Thank you very much for your help
Hi Abhinav,
The Eigenvalues of the Johansen test are the autoregressive coefficients of a system of Vector Error Correction (VEC) equations transformed to a set of variables that are independent of each other. So you have a separate scalar autoregressive equation for each transformed variable, and whether that autoregressive coefficient is significantly different from zero determines whether we have a stationary variable.
Recall that for a scalar autoregressive equation, Y(t)-Y(t-1)=a*(Y(t-1)-mu)+ …+noise
where mu is a constant (the "mean"). If a is zero, this is a random walk, and we don't have mean reversion. a must be significantly different from zero (and negative) in order for Y to be mean reverting. The Johansen test will find out whether, after linear transformation of the original variables, there are any a's that are significantly different from zero. If there is one (or more) such non-zero a's, then we have found one (or more) cointegrating relationship, because a linear combination of the original variables form a stationary, mean-reverting, time series.
The Eigen statistic is a statistical signficance test on whether there is a non-zero a. The first line of the Johansen test indicates whether we can reject the null hypothesis that the number of such non-zero a's is zero. If we can reject that, that means there is at least one non-zero a.

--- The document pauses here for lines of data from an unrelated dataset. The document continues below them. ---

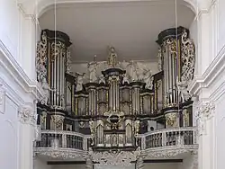 30[17] | 1914 beim Abbruch der Vorgängerkirche blieben weder das Pfeifenwerk noch das Barockprospekt erhalten. Lediglich sieben Pfeifenreihen wurden noch bis 1938 in einer kleinen Orgel in St. Kilian genutzt.[18] | |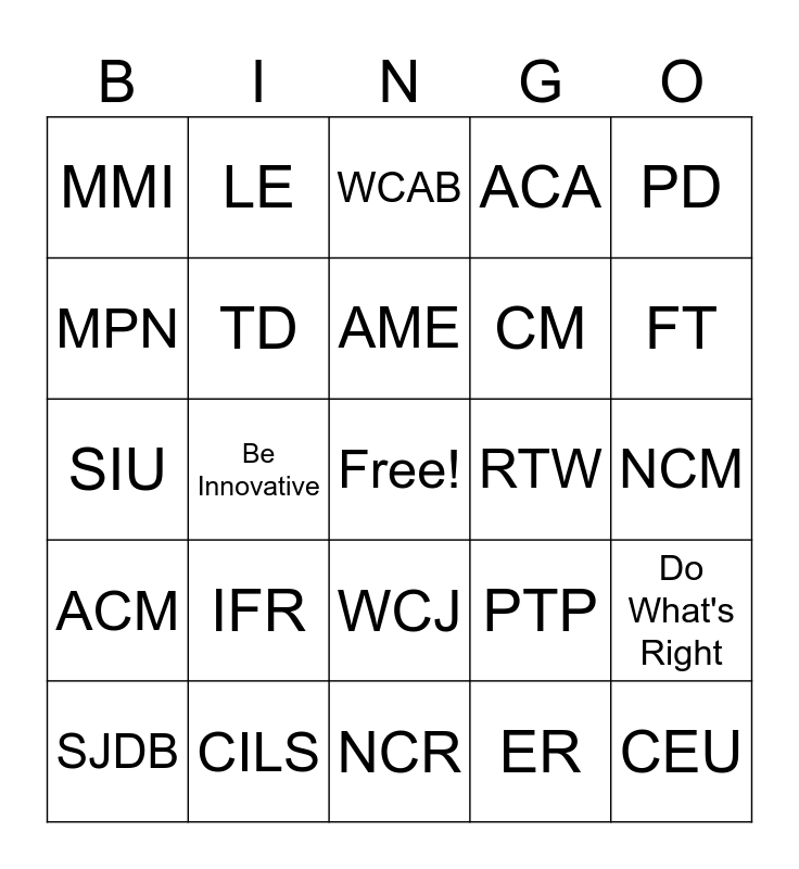 This bingo card has a free space and 34 words: EE, ER, IW, AA, ACM, TD, PD, SJDB, LE, QME, AME, WCAB, C&R, CIS, RTW, FT, CILS, SIU, IFR, PTP, WCJ, DOK, MMI, NCM, NCR, CEU, ACA, MCO, CM, MPN, Show We Care, Be Innovative, Do What's Right and Respect Everyone.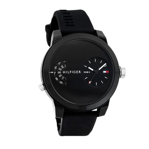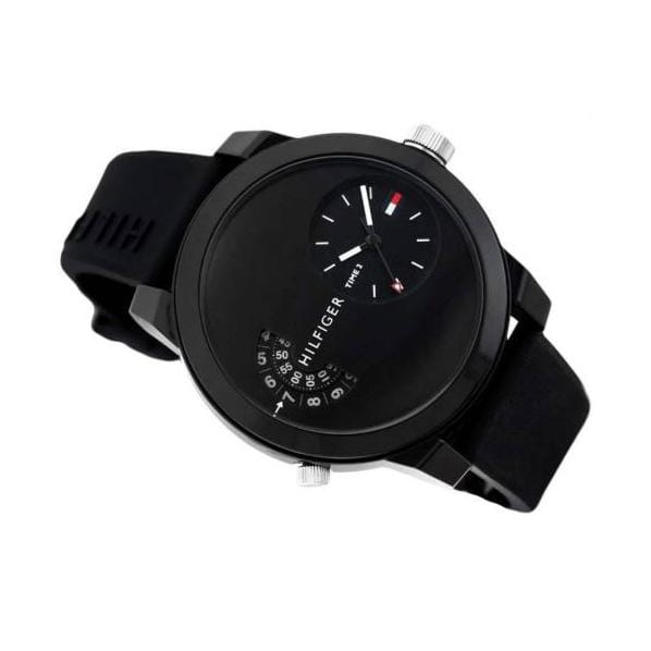 Tommy Hilfiger Denim Black Dial Black Rubber Strap Watch for Men - 1791555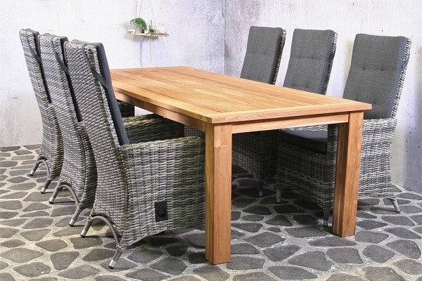 SenS-Line Haria tuinset – 6 wicker stoelen met teakhouten tafel

Recall that both eigenvalues and trace of a matrix are invariant under linear transformation of variables. So to ask whether there is a non-zero a's is the same as asking whether the trace of the matrix is different from zero. Both of them usually provide consistent results. But if not, that means we have borderline cointegration.
Hope this helps!
Ernie
Thank you for that detailed explanation Dr. Chan.